Feeble attempts at embracing technology aside, the Louvre's BD
support is welcomed. And for those who aren't too familiar with bande
dessinee, this is a great exposition just to see up close
how time consuming and maddening the cartoonist's job really is... even
with the help of Adobe Illustrator.
Le Louvre invite la bande dessinée with Futuropolis
Now through April 13, 2009
Adrian Sanders writing for I V Y paris
Down south and west of Paris in Angoulême, the comics festival is almost ready to kick off. This year's official selection is solid, though maybe not earth shattering - with standard fare from American regulars (James Kochalka and Adrian Tomine) as well as the French (Emmanuel Gibert, Christophe Blain) and the ever present British contribution of Posy Simmonds.
The three that stick out:
Newcomer Dash Shaw's Bottomless Belly Button is a work of real merit, combining the best of family drama with distorted narrative tricks, and some serious physical heft (720 pages). No wonder it took two whole years to complete.
Gally's Mon gras et moi is funny, honest, sad, humiliating, and the closest thing you'll get to a publicly accepted feminist work in France. It's not Fun Home, but neither is anything else.
Blutch's Le petit Christian, tome 2 is the last straw. The guy is horrendously underrated, not only as a fantastic cartoonist that seemingly changes styles perfectly at whim, but also with this quasi-autobiographical work, a competent storyteller.

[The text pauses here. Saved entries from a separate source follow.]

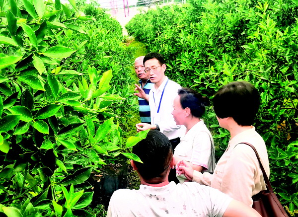 ▲博士后科技服务团成员在柑橘基地调研。(全州县农业农村局供图)
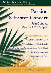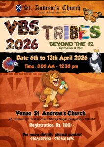 The idea of welcoming and belonging drives us at St. Andrew’s Bangalore, and we are delighted for choosing to visit our website. The unassuming and joyful testimony of Andrew, the first Apostle called by our Lord, continues to inspire our existence for over 150 years. The lives of the faithful and their good work continue to inspire us to bring it to completion in our own time and in our own context. We want to invite you warmly to participate in the four focus areas based on biblical foundations that we consider vital for our journey as a community of faith: Worship, Fellowship, Discipleship and Service.
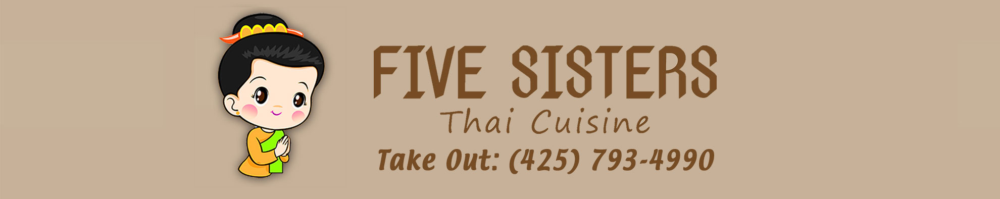 | We accept all major credit cards. No checks please. There is an 18% service charge added for parties of six or more. A maximum of four checks per table. Five Sisters Thai Cuisine Fairwood Shopping Center 14252 SE 176th St. Renton, WA 98058 Website: www.5sistersThai.com Take Out - To Go (425) 793-4990 • (425) 793-4940 Hours: Monday - Thursday 11:00 AM to 9:00 PM Friday -Saturday 11:00 AM to 9:30 PM Sunday 12:00 PM to 9:00 PM |

The whole list is viewable after the break.
More on: The Official Angoulême International Comics Festival Selection
Over at Le briographe, Jérôme Briot has posted the official selection of BD's according to the Association des Critiques et journalistes de Bande Dessinée (ACBD). It's a decidedly sober affair, with the exception of the classic re-release of Emile Bravo's Spirou (featured left), and Jean-Yves Ferri's De Gaulle à la plage.
The addition of Posy Simmonds' Tamara Drewe is a welcome acknowledgement that BD can and is created by members of the English speaking world.

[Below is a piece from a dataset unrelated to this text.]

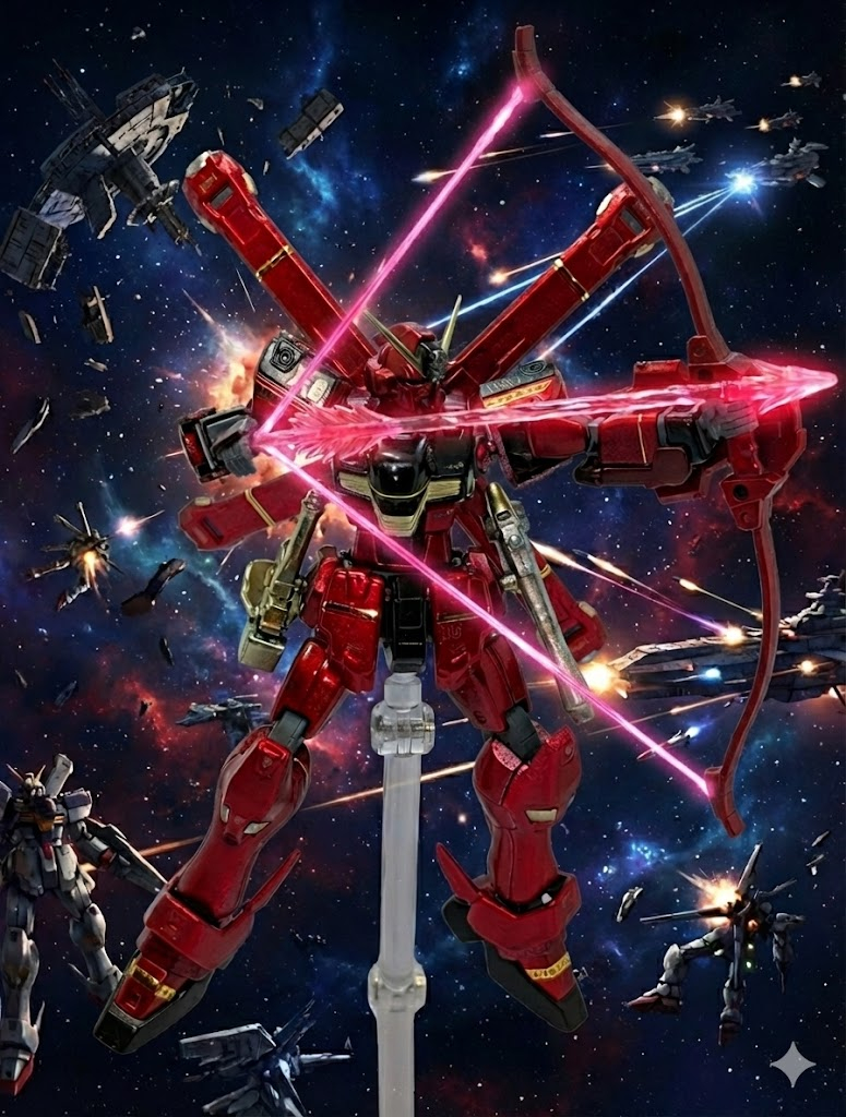 キットにはビームエフェクトの弦と矢が付くのですが、構えられませんで、ここは!!
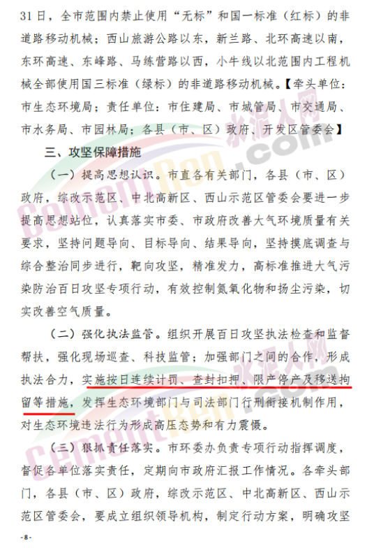 攻堅(jiān)保障措施不僅要求強(qiáng)化執(zhí)法監(jiān)管。實(shí)施按日連續(xù)計(jì)罰、查封扣押、限產(chǎn)停產(chǎn)及移送拘留等措施,發(fā)揮生態(tài)環(huán)境部門與司法部門行刑銜接機(jī)制作用,對(duì)生態(tài)環(huán)境違法行為形成高壓態(tài)勢(shì)和有力震懾。同時(shí),強(qiáng)化輿論引導(dǎo)。由市委宣傳部牽頭,緊緊圍繞全市大氣污染防治工作,開(kāi)展形式多樣的環(huán)境保護(hù)宣傳活動(dòng),提升全民環(huán)境保護(hù)意識(shí)。充分發(fā)揮媒體作用,及時(shí)曝光突出環(huán)境問(wèn)題和整改情況。完善監(jiān)督舉報(bào)、環(huán)境公益訴訟等機(jī)制,鼓勵(lì)和引導(dǎo)環(huán)保社會(huì)組織和公眾參與大氣污染監(jiān)督治理。

The rest of them are fine and dandy, a smattering of World War stories (Il etait une fois en France, La guerre d'Alan), suspense (Shutter Island), history (Château l'Attente), etcetera etcetera.
The sum of this year according to the ACBD appears to be that nothing ever changes in French BD, and that it's best to just pick the best of each clearly defined and eternally redone genre. Genre!
The official "best of selection" will be announced on the 30th. I await with baited breath.